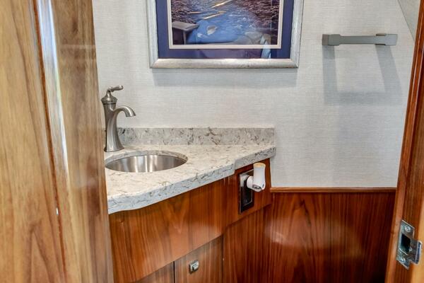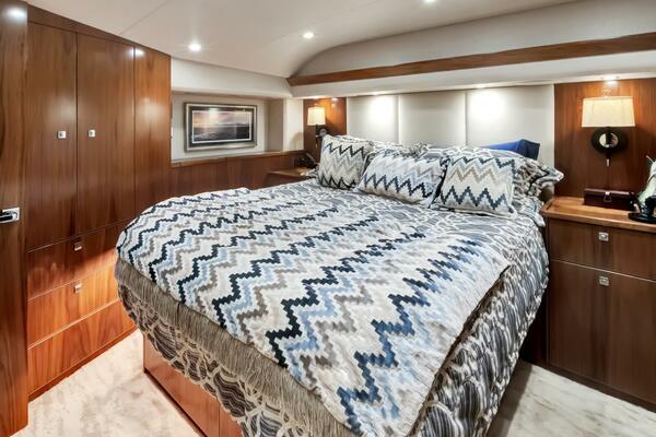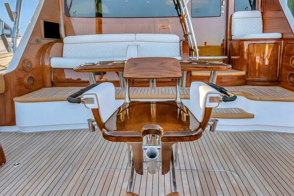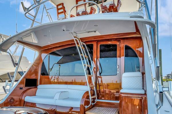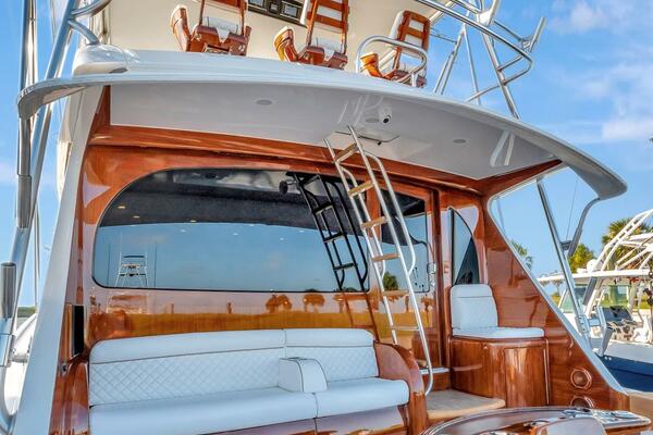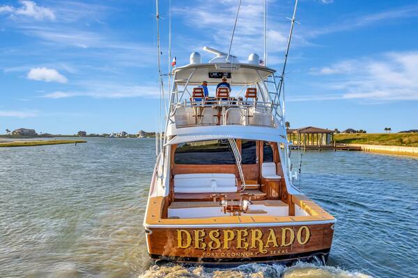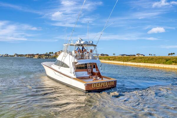 Desperado is a 4 stateroom 5 head layout with dedicated crew stateroom and Crew head. Her interior is finished in satin walnut with a beautiful complement of designer fabrics. She features a large Master stateroom to starboard, a centerline queen forward with two overhead bunks to either side of the bed that will accommodate extra guests. The port stateroom is over and under bunk set up with its own head. She features a spacious salon with day head, L-shaped storage sofa, and loads of custom wood work. The dinette has a second TV overhead and a drawer underneath large enough for additional rod storage. The galley features Sub-zero drawer refrigeration, a convenient raised counter with bar stool seating and beautiful tile backsplash. Behind the galley is a pantry that doubles as a rod storage area. The cockpit floor is fully clad with Teak as are her coamings and covering boards. "Cool breeze" cockpit A/C keeps anglers comfortable while they reel in that big Marlin in the stunning Release marine fighting chair. Redundant systems are built in throughout the boat including 2 water makers, 2 ice makers, and 2 generators as well as extra fuel and a custom fuel transfer system if one wanted to use bladder tanks for longer trips. The transom cockpit bulkhead and toe rails are done in a custom faux teak paint job and she has a custom anchor chute system with windlass to keep the decks clean. On the flybridge you'll find a comprehensive set up of electronics as well as the
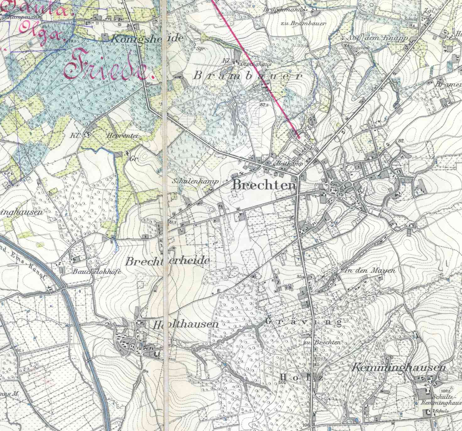1886 auf der Karte ist das Gebiet vom Süggel bis zur Straße
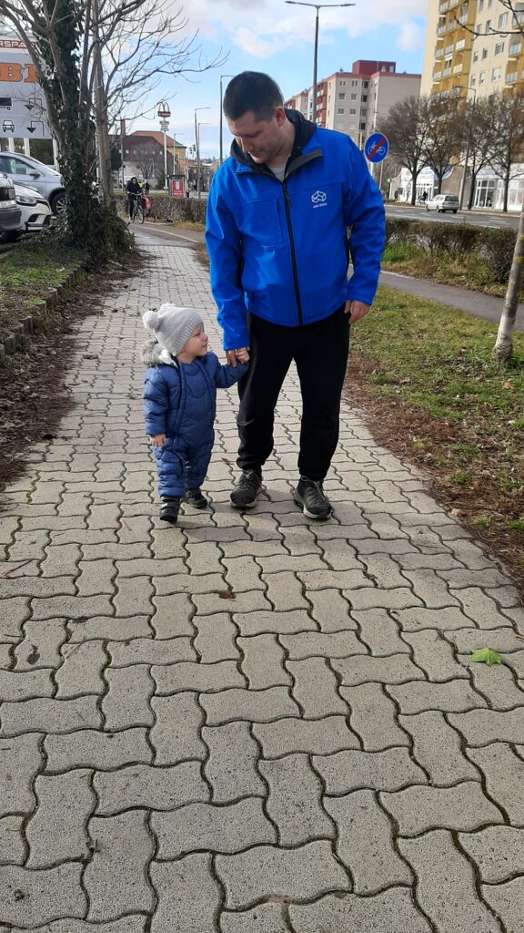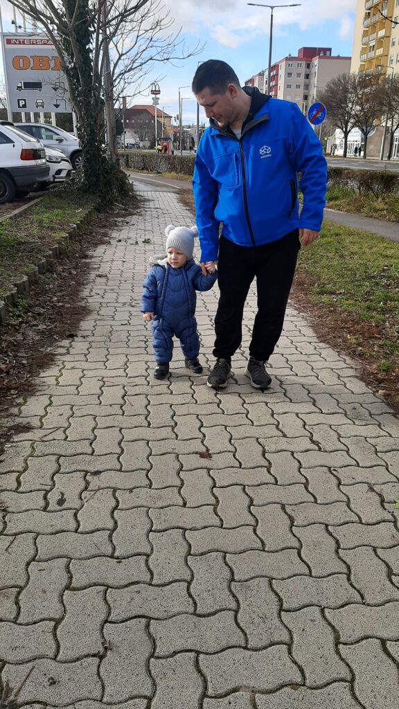Pénteken éreztem valami furcsaság van. Délelött elmentünk Apával kenyérért. Hazafele úton elbohóckodtunk én engedtem hogy adja a kifli darabokat így hazaérve szinte csak a morzsát tudtuk felmutatni Anyának, meg a papírt vettünk ám kiflit is.
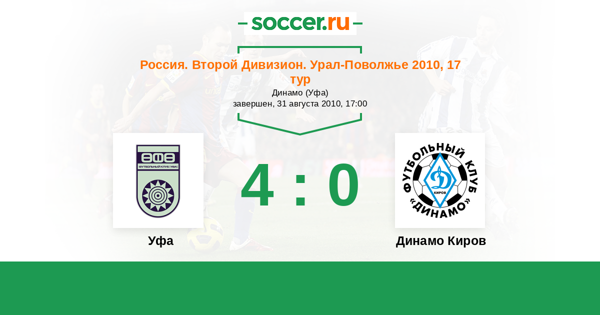 Уфа - Динамо Киров: обзор матча 31 августа 2010
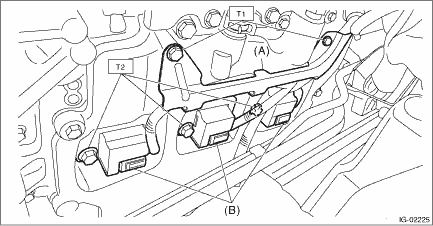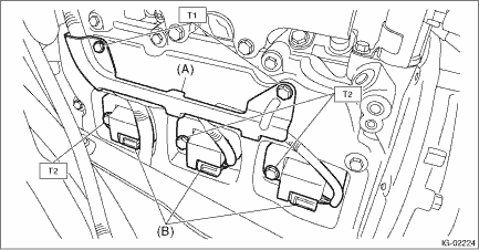2. Install the ignition coil. NOTE: Turn the #5 ignition coil to install it. 3. Connect the connector (B) to the ignition coil. 4. Install the engine harness stay (A). Tightening torque: T1: 6.4 N·m (0.7 kgf-m, 4.7 ft-lb) T2: 16 N·m (1.6 kgf-m, 11.8 ft-lb)
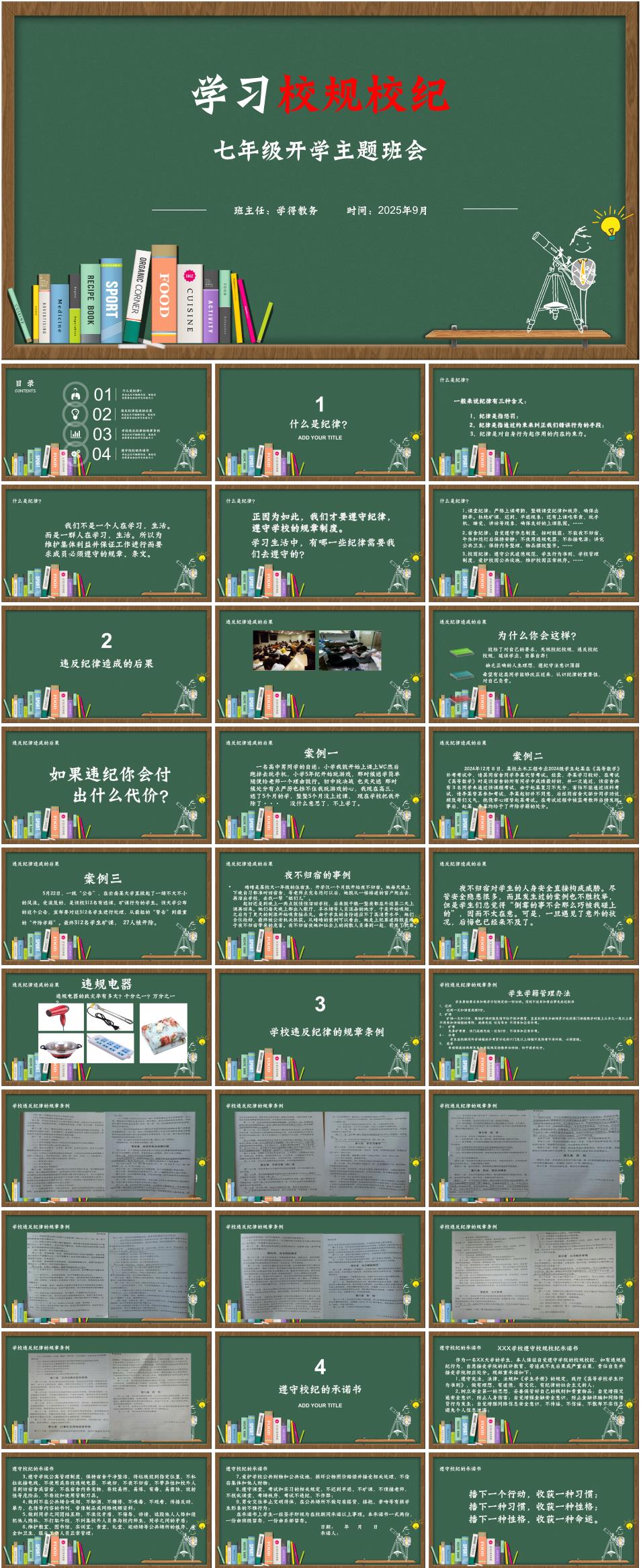 2025年秋季上学期七年级开学主题班会《学习校规校纪》PPT课件
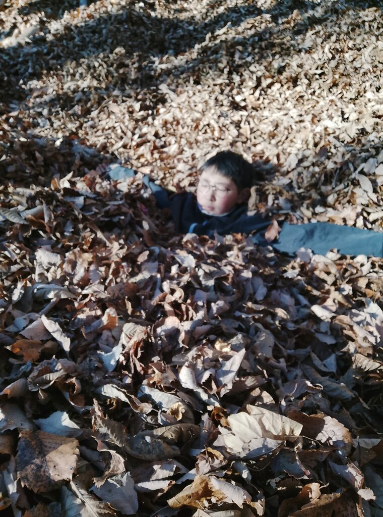 かじかの里学園名物「落ち葉プール」じゃ~!
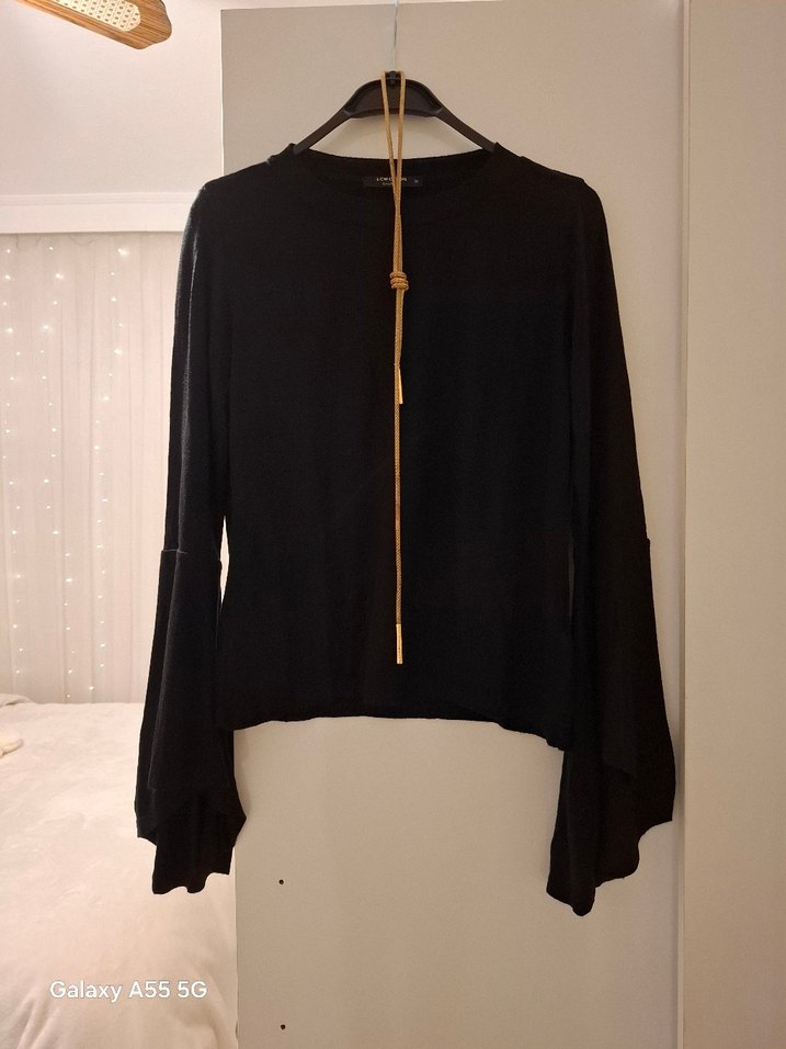 Siyah İspanyol kollu rahat bluz
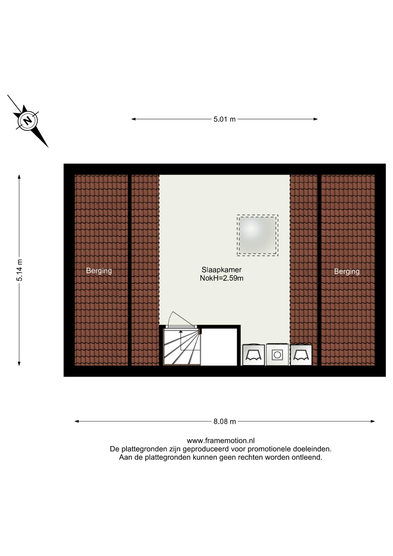 - Zolderverdieping kan middels een dakkapel worden uitgebreid, waardoor twee slaapkamers kunnen worden gerealiseerd.

::::

◆ REQUIRED WORK ◆
No image belongs in the copy. Transcribe the full listing verbatim.

◆ SOLUTION TO THE EXERCISE ◆
 Desperado is a 4 stateroom 5 head layout with dedicated crew stateroom and Crew head. Her interior is finished in satin walnut with a beautiful complement of designer fabrics. She features a large Master stateroom to starboard, a centerline queen forward with two overhead bunks to either side of the bed that will accommodate extra guests. The port stateroom is over and under bunk set up with its own head. She features a spacious salon with day head, L-shaped storage sofa, and loads of custom wood work. The dinette has a second TV overhead and a drawer underneath large enough for additional rod storage. The galley features Sub-zero drawer refrigeration, a convenient raised counter with bar stool seating and beautiful tile backsplash. Behind the galley is a pantry that doubles as a rod storage area. The cockpit floor is fully clad with Teak as are her coamings and covering boards. "Cool breeze" cockpit A/C keeps anglers comfortable while they reel in that big Marlin in the stunning Release marine fighting chair. Redundant systems are built in throughout the boat including 2 water makers, 2 ice makers, and 2 generators as well as extra fuel and a custom fuel transfer system if one wanted to use bladder tanks for longer trips. The transom cockpit bulkhead and toe rails are done in a custom faux teak paint job and she has a custom anchor chute system with windlass to keep the decks clean. On the flybridge you'll find a comprehensive set up of electronics as well as the
1886 auf der Karte ist das Gebiet vom Süggel bis zur Straße
Pénteken éreztem valami furcsaság van. Délelött elmentünk Apával kenyérért. Hazafele úton elbohóckodtunk én engedtem hogy adja a kifli darabokat így hazaérve szinte csak a morzsát tudtuk felmutatni Anyának, meg a papírt vettünk ám kiflit is.
 Уфа - Динамо Киров: обзор матча 31 августа 2010
2. Install the ignition coil. NOTE: Turn the #5 ignition coil to install it. 3. Connect the connector (B) to the ignition coil. 4. Install the engine harness stay (A). Tightening torque: T1: 6.4 N·m (0.7 kgf-m, 4.7 ft-lb) T2: 16 N·m (1.6 kgf-m, 11.8 ft-lb)
 2025年秋季上学期七年级开学主题班会《学习校规校纪》PPT课件
 かじかの里学園名物「落ち葉プール」じゃ~!
 Siyah İspanyol kollu rahat bluz
 - Zolderverdieping kan middels een dakkapel worden uitgebreid, waardoor twee slaapkamers kunnen worden gerealiseerd.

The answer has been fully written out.